**** DATASET SECTION

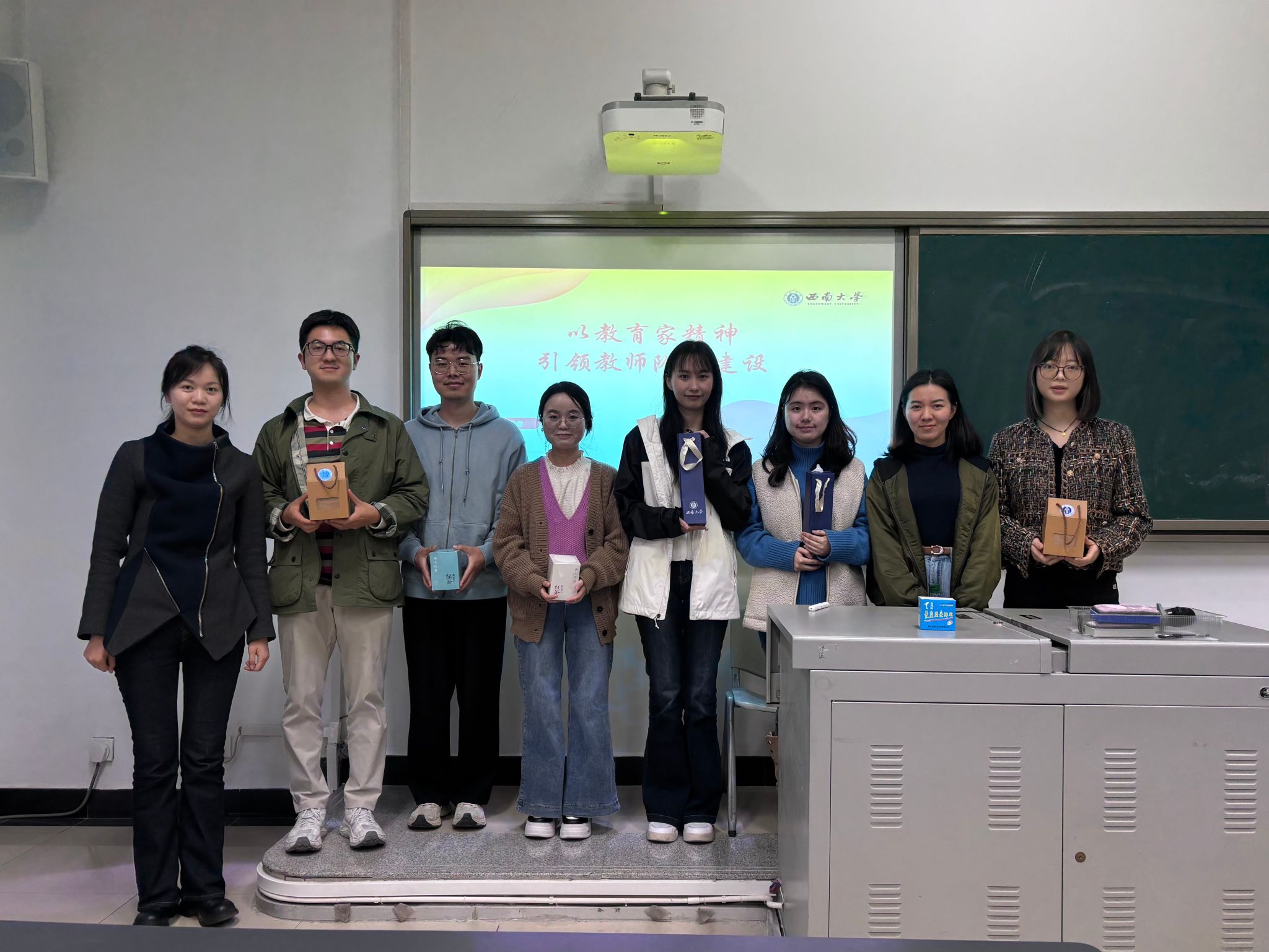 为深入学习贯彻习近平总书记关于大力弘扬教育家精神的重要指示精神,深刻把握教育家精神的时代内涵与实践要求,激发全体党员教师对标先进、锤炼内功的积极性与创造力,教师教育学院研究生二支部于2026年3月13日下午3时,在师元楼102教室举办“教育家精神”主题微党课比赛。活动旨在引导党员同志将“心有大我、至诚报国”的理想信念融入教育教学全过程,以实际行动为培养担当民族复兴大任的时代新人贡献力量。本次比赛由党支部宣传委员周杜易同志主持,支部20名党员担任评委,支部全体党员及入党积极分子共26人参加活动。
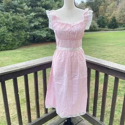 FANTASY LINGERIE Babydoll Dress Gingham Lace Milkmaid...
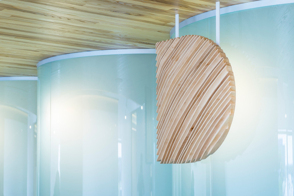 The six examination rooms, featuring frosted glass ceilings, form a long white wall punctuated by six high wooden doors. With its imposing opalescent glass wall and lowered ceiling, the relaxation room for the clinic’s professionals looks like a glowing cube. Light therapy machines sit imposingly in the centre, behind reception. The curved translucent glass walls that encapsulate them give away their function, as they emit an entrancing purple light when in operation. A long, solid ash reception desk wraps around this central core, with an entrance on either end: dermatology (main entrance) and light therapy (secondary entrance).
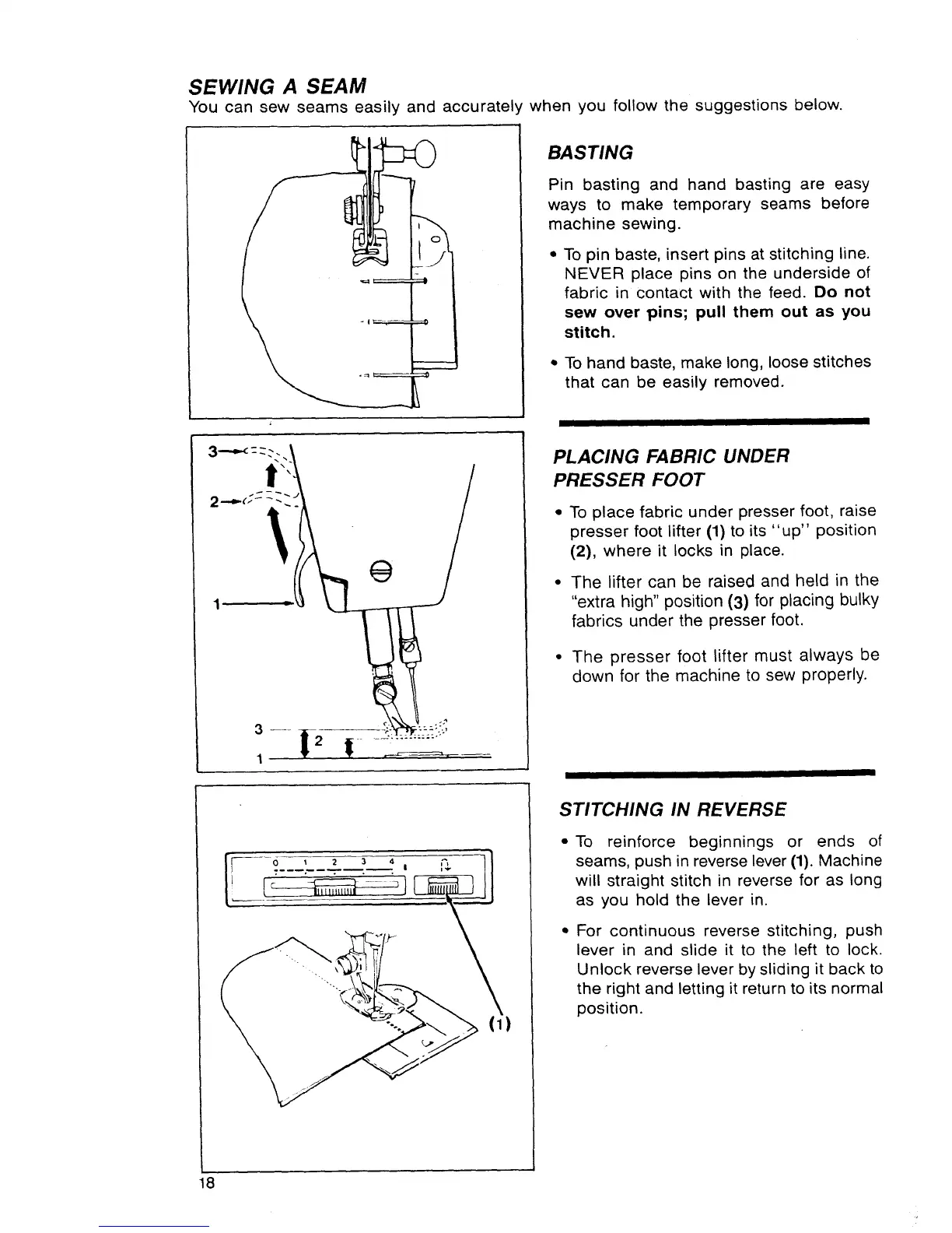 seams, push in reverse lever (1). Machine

********

DIRECTIONS FOR THIS TASK: Repeat, with no pictures, each line from the beginning of the data through the line containing "FANTASY LINGERIE Babydoll", inclusive.

RESPONSE TO THIS EXERCISE:
 为深入学习贯彻习近平总书记关于大力弘扬教育家精神的重要指示精神,深刻把握教育家精神的时代内涵与实践要求,激发全体党员教师对标先进、锤炼内功的积极性与创造力,教师教育学院研究生二支部于2026年3月13日下午3时,在师元楼102教室举办“教育家精神”主题微党课比赛。活动旨在引导党员同志将“心有大我、至诚报国”的理想信念融入教育教学全过程,以实际行动为培养担当民族复兴大任的时代新人贡献力量。本次比赛由党支部宣传委员周杜易同志主持,支部20名党员担任评委,支部全体党员及入党积极分子共26人参加活动。
 FANTASY LINGERIE Babydoll Dress Gingham Lace Milkmaid...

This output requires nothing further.